═══ Provided records

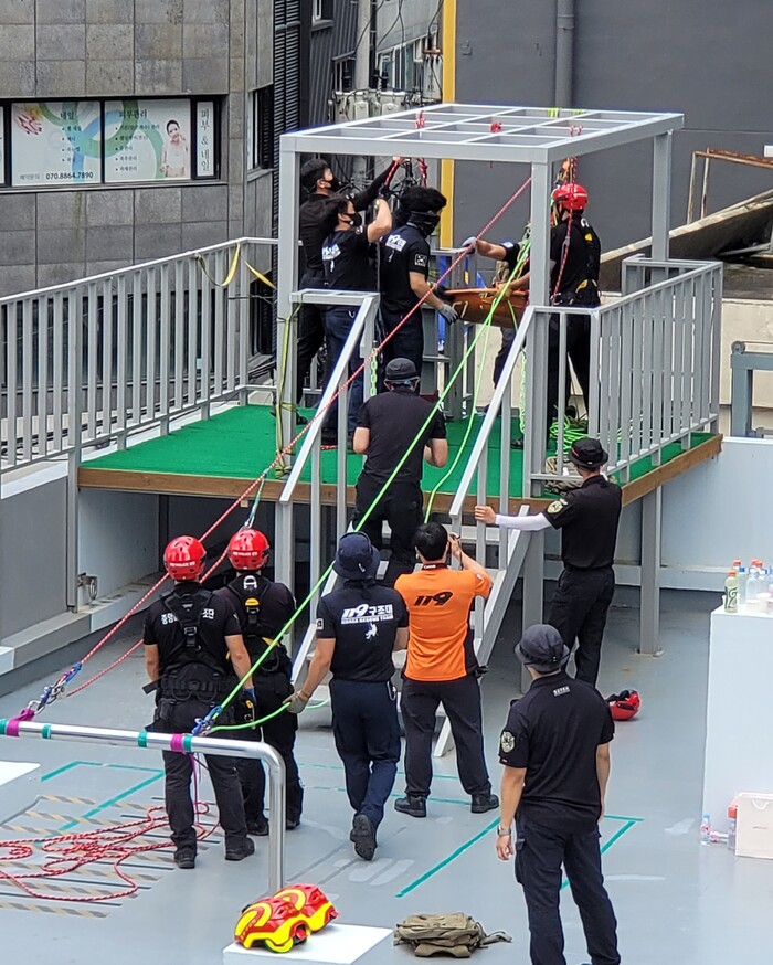 이번 훈련은 중부소방서 119구조대의 응용구조전술 훈련장을 이용하여 협소하고 활동이 곤란한 구조현장
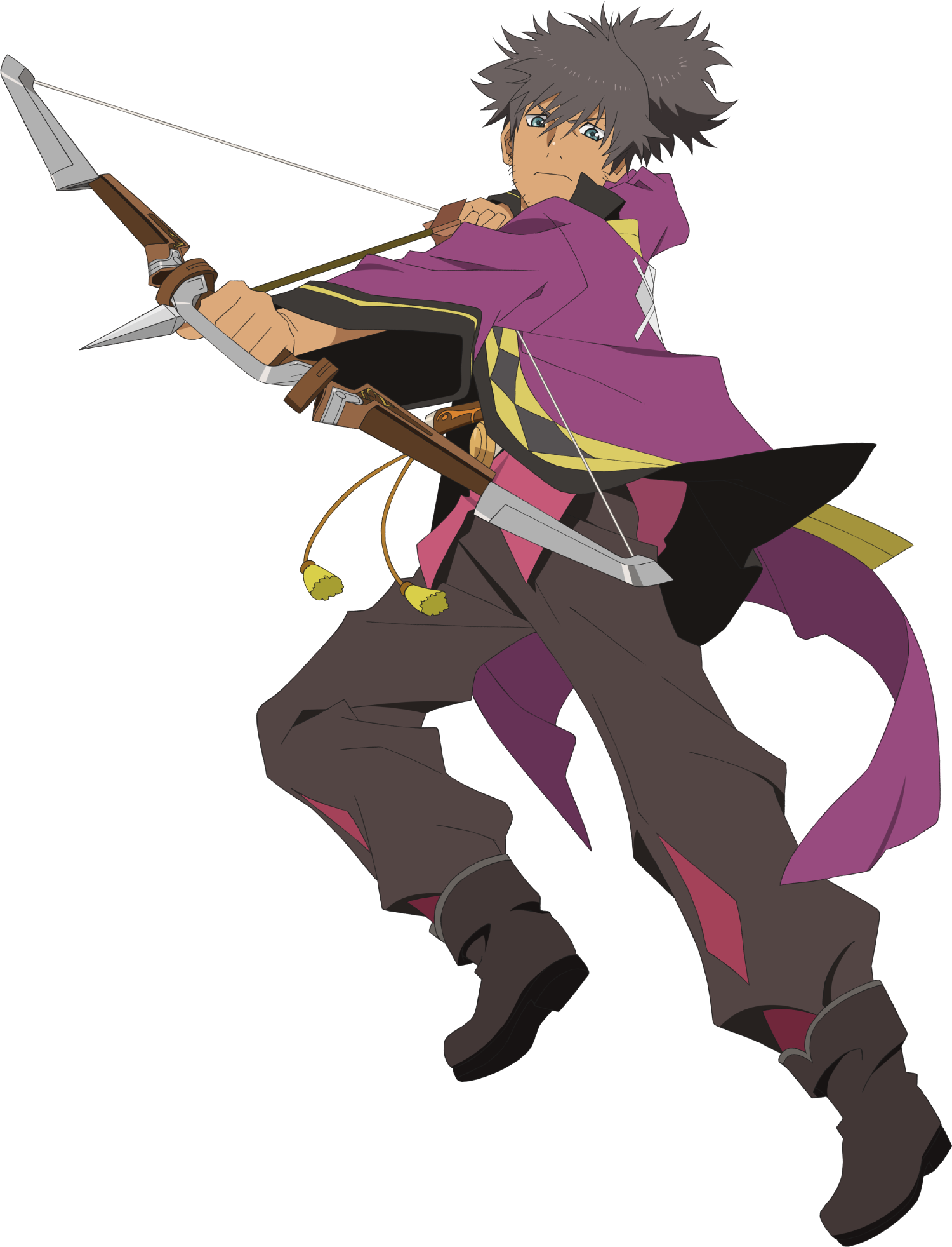 1boy artist_request black_boots black_hair black_pants boots bow_(weapon) closed_mouth coat commentary dark_skin facial_hair full_body game_cg green_eyes highres holding holding_bow_(weapon) holding_weapon long_hair looking_at_viewer male_focus official_art pants pink_shirt ponytail purple_coat raven_(tales) sheath sheathed shirt short_sword simple_background solo standing sword tales_of_(series) tales_of_asteria tales_of_vesperia third-party_source transparent_background weapon
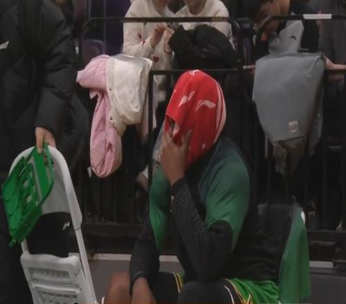 接下来镜头再对准了威尔斯,心情糟糕透顶的威尔斯全程低着头不说话,扯下了发带,还用毛巾把脸给捂住了,应该真哭了。
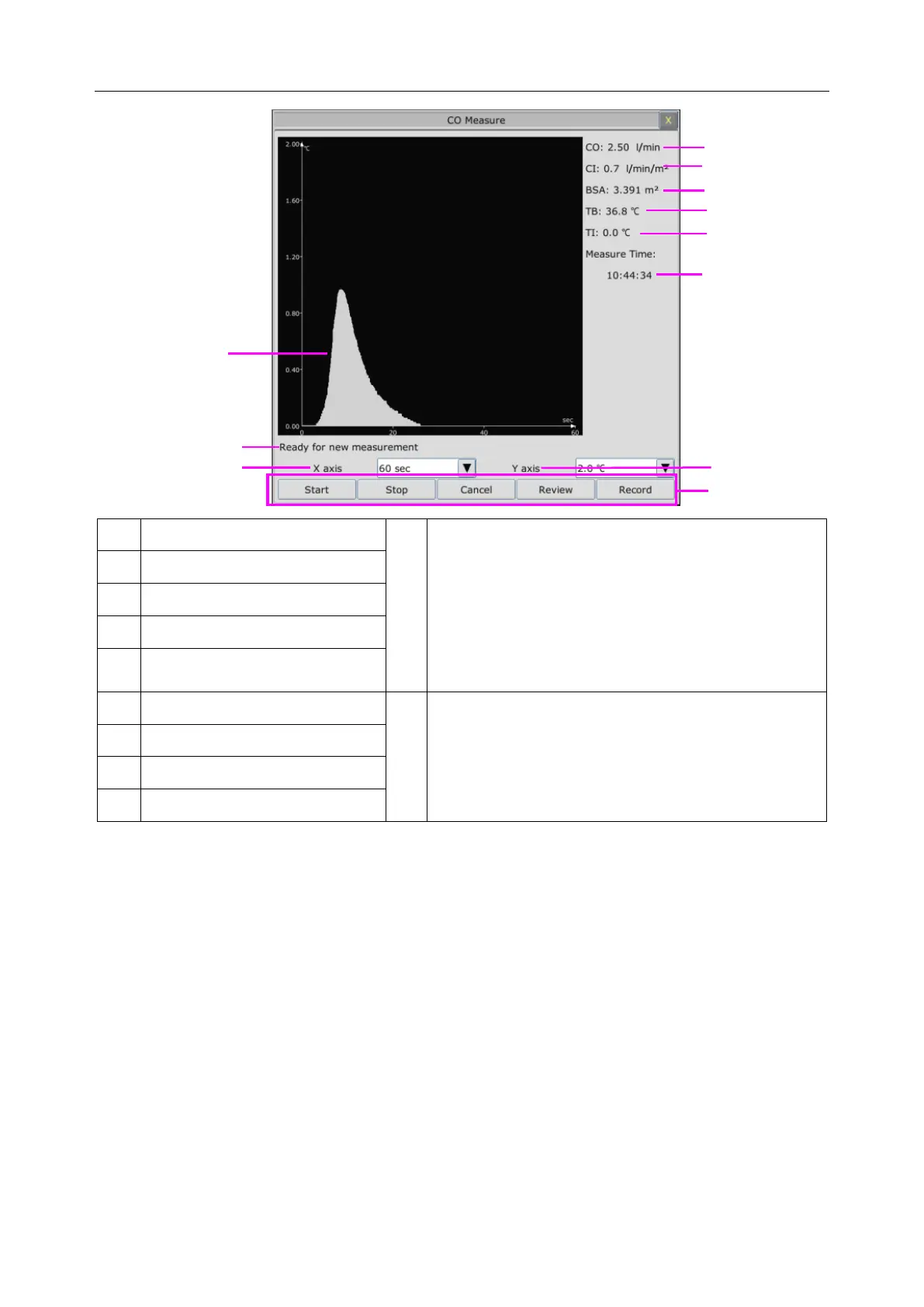blood temperature and the injectate temperature are displayed during the measurement. Curve
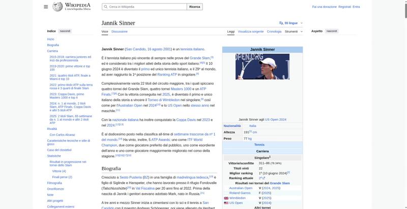 | Offenders: https://upload.wikimedia.org/wikipedia/commons/thumb/a/a5/Semi-protection-shackl...le-itwiki.svg.png https://upload.wikimedia.org/wikipedia/commons/thumb/9/97/Jannik_Sinner_%282024_...%28cropped%29.jpg https://upload.wikimedia.org/wikipedia/commons/thumb/0/03/Flag_of_Italy.svg/20px..._of_Italy.svg.png https://upload.wikimedia.org/wikipedia/commons/thumb/8/85/Tennis_pictogram.svg/4...pictogram.svg.png https://upload.wikimedia.org/wikipedia/commons/thumb/b/b9/Flag_of_Australia.svg/...Australia.svg.png https://upload.wikimedia.org/wikipedia/commons/thumb/c/c3/Flag_of_France.svg/20p...of_France.svg.png https://upload.wikimedia.org/wikipedia/commons/thumb/a/a4/Flag_of_the_United_Sta...ed_States.svg.png https://upload.wikimedia.org/wikipedia/commons/thumb/8/83/Flag_of_the_United_Kin...%283-5%29.svg.png https://upload.wikimedia.org/wikipedia/commons/6/6a/Jannik_Sinner_logo.png https://upload.wikimedia.org/wikipedia/commons/thumb/3/3e/ATP_World_Tour_Finals_...London%29.svg.png https://upload.wikimedia.org/wikipedia/commons/thumb/8/8c/Transparent.png/1px-Transparent.png https://upload.wikimedia.org/wikipedia/commons/thumb/b/be/Jannik_Sinner_after_wi...Milan%2C_2019.jpg https://upload.wikimedia.org/wikipedia/commons/thumb/f/f6/Sinner_MCM23_%288%29_%...2883593853%29.jpg https://upload.wikimedia.org/wikipedia/commons/thumb/6/66/Jannik_Sinner_%282024_...US_Open%29_01.jpg https://upload.wikimedia.org/wikipedia/commons/thumb/8/87/Magnifying_glass_icon_...icon_mgx2.svg.png https://upload.wikimedia.org/wikipedia/commons/thumb/f/f3/Flag_of_Russia.svg/20p...of_Russia.svg.png https://upload.wikimedia.org/wikipedia/commons/thumb/b/ba/Flag_of_Germany.svg/20...f_Germany.svg.png https://upload.wikimedia.org/wikipedia/commons/thumb/9/9a/Flag_of_Spain.svg/20px..._of_Spain.svg.png https://upload.wikimedia.org/wikipedia/commons/thumb/9/9c/Nastrino_Stella_Merito...tivo_2015.svg.png https://upload.wikimedia.org/wikipedia/commons/thumb/f/fa/Wikiquote-logo.svg/20p...uote-logo.svg.png https://upload.wikimedia.org/wikipedia/commons/thumb/4/4a/Commons-logo.svg/20px-Commons-logo.svg.png https://upload.wikimedia.org/wikipedia/commons/thumb/2/24/Wikinews-logo.svg/20px...news-logo.svg.png https://upload.wikimedia.org/wikipedia/commons/thumb/7/73/Blue_pencil.svg/20px-Blue_pencil.svg.png https://upload.wikimedia.org/wikipedia/commons/thumb/f/ff/Flag_of_Serbia.svg/20p...of_Serbia.svg.png https://upload.wikimedia.org/wikipedia/commons/thumb/9/9c/Flag_of_Denmark.svg/20...f_Denmark.svg.png https://upload.wikimedia.org/wikipedia/commons/thumb/0/03/Flag_of_Italy.svg/60px..._of_Italy.svg.png https://upload.wikimedia.org/wikipedia/commons/thumb/c/cb/Flag_of_Romania_%28196...931989%29.svg.png https://upload.wikimedia.org/wikipedia/commons/thumb/4/4c/Flag_of_Sweden.svg/20p...of_Sweden.svg.png https://upload.wikimedia.org/wikipedia/commons/thumb/c/cb/Flag_of_the_Czech_Repu..._Republic.svg.png https://upload.wikimedia.org/wikipedia/commons/thumb/4/41/Flag_of_Austria.svg/20...f_Austria.svg.png https://upload.wikimedia.org/wikipedia/commons/thumb/7/78/Flag_of_Chile.svg/20px..._of_Chile.svg.png https://upload.wikimedia.org/wikipedia/commons/thumb/0/05/Flag_of_Brazil.svg/20p...of_Brazil.svg.png https://upload.wikimedia.org/wikipedia/commons/thumb/f/f3/Flag_of_Switzerland.sv...itzerland.svg.png https://upload.wikimedia.org/wikipedia/commons/thumb/6/67/Crystal_Clear_app_Logi...n_Manager.svg.png https://upload.wikimedia.org/wikipedia/commons/thumb/6/61/Tennis_icon_nobkg.png/...is_icon_nobkg.png https://en.wikipedia.org/w/index.php...a.org/w/index.php https://en.wikipedia.org/w/index.php...a.org/w/index.php https://it.wikipedia.org/wiki/Special:CentralAutoLogin/start?useformat=desktop&type=script&usesul3=1 https://auth.wikimedia.org/metawiki/wiki/Special:CentralAutoLogin/checkLoggedIn...gin/checkLoggedIn |
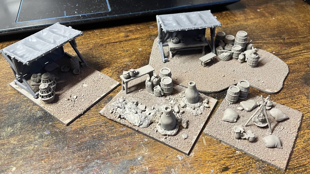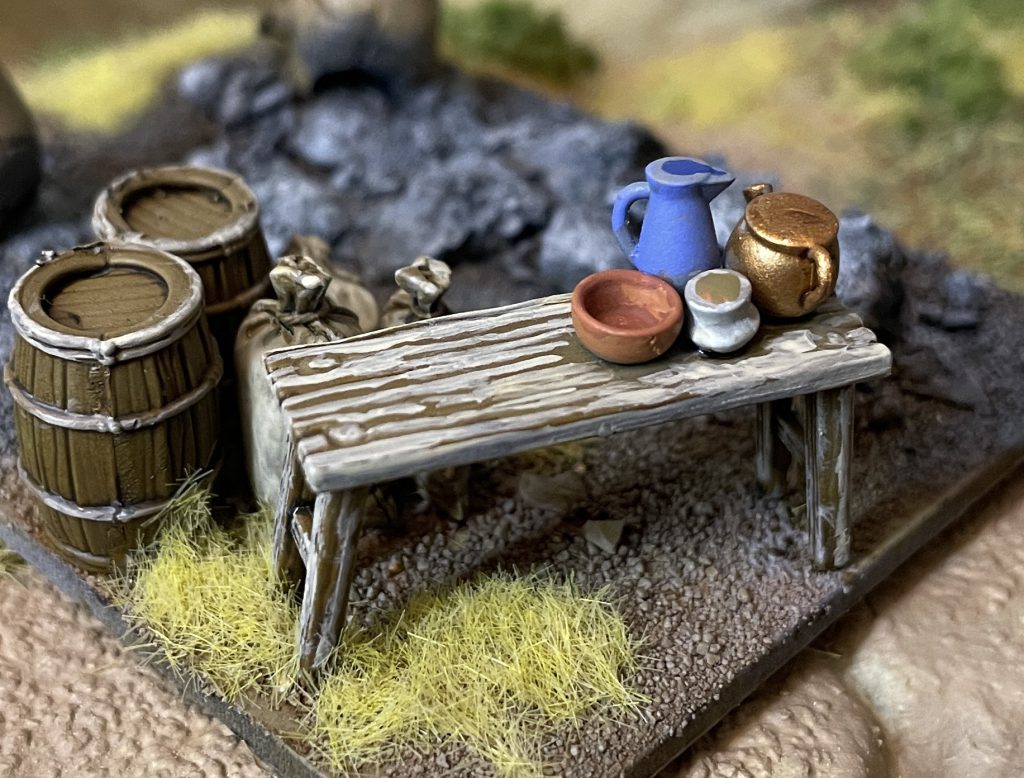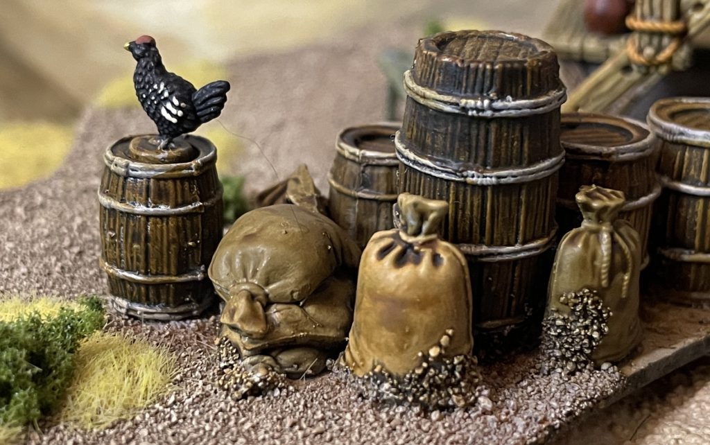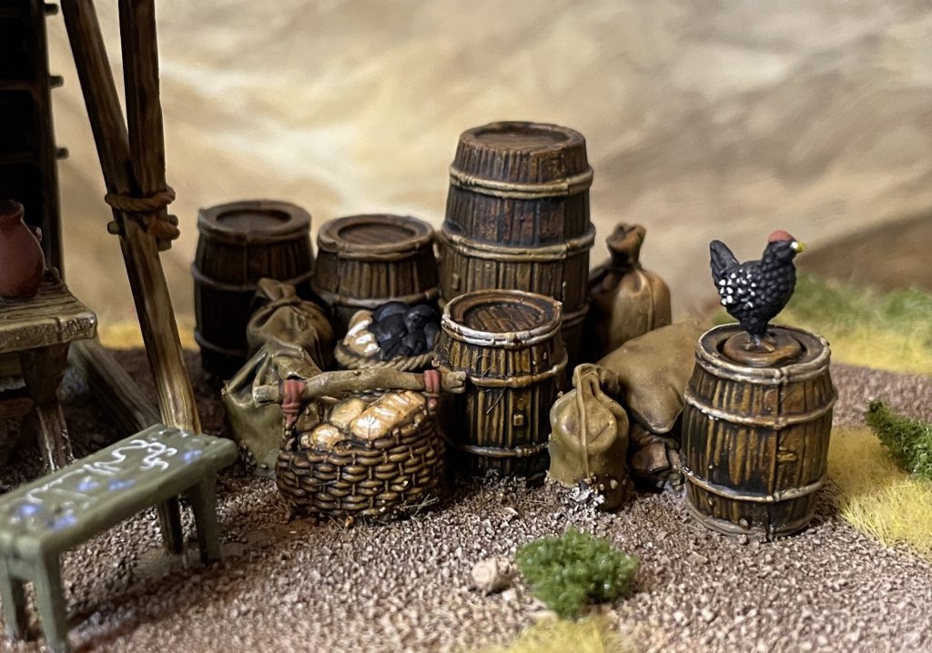 Looking around the industry though, it seems like the fairly agreed upon price point for a set like this. Two market stalls, bags, barrels and tables, seems to cost you about 30 whoever you go to and whatever material you’re working with, so this could well be just an industry standard!
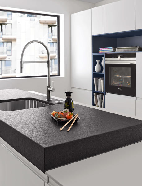 El módulo de fregadero de granito auténtico es el centro de atención de la cocina. El tacto único resalta el encanto natural del módulo. Práctico: el granito resiste incluso los cuchillos más afilados.
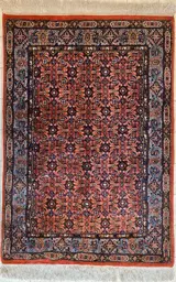 Moud Tapijt uit India. De maat van de tapijt is 160 x 110 cm.De tapijt heeft heel hoge kwaliteit en heel fijn geknoopt. De tapijt wordt met een tracking nr. verzenden. U kunt de tapijt dan online volgen.
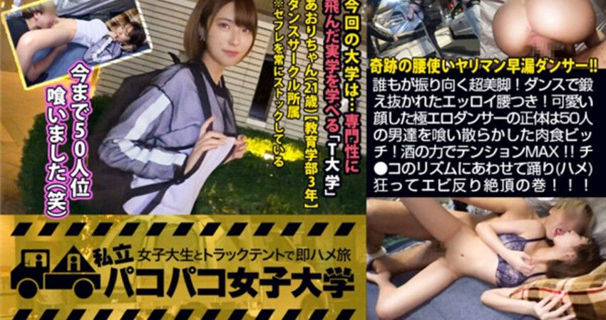 300MIUM-531 【ヤリマン早漏ダンサー】誰もが振り向く超美脚!ダンスで鍛え抜かれたエッロイ腰つき!可愛い顔した極エロダンサーの正体は、50人の男を喰い散らかした肉食ビッチ!酒の力でテンションMAX!!チ●コのリズムにあわせて踊り(ハメ)狂ってエビ反り絶頂の巻。:パコパコ女子大学 女子大生とトラックテントでバイト即ハメ旅 Report.109
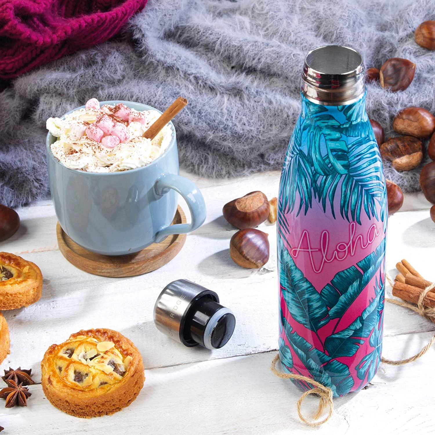 Stilingas, funkcionalus ir daugkartinio naudojimo kelioninis vandens butelis turi gražų palmės dizainą su 80-ųjų neoninio stiliaus užrašu „Aloha“.

══════

Instructions for the task:
Starting with the line containing "Moud Tapijt uit" and ending with the last line of the records above, write out each line exactly; no pictures.

Solved exercise:
 Moud Tapijt uit India. De maat van de tapijt is 160 x 110 cm.De tapijt heeft heel hoge kwaliteit en heel fijn geknoopt. De tapijt wordt met een tracking nr. verzenden. U kunt de tapijt dan online volgen.
 300MIUM-531 【ヤリマン早漏ダンサー】誰もが振り向く超美脚!ダンスで鍛え抜かれたエッロイ腰つき!可愛い顔した極エロダンサーの正体は、50人の男を喰い散らかした肉食ビッチ!酒の力でテンションMAX!!チ●コのリズムにあわせて踊り(ハメ)狂ってエビ反り絶頂の巻。:パコパコ女子大学 女子大生とトラックテントでバイト即ハメ旅 Report.109
 Stilingas, funkcionalus ir daugkartinio naudojimo kelioninis vandens butelis turi gražų palmės dizainą su 80-ųjų neoninio stiliaus užrašu „Aloha“.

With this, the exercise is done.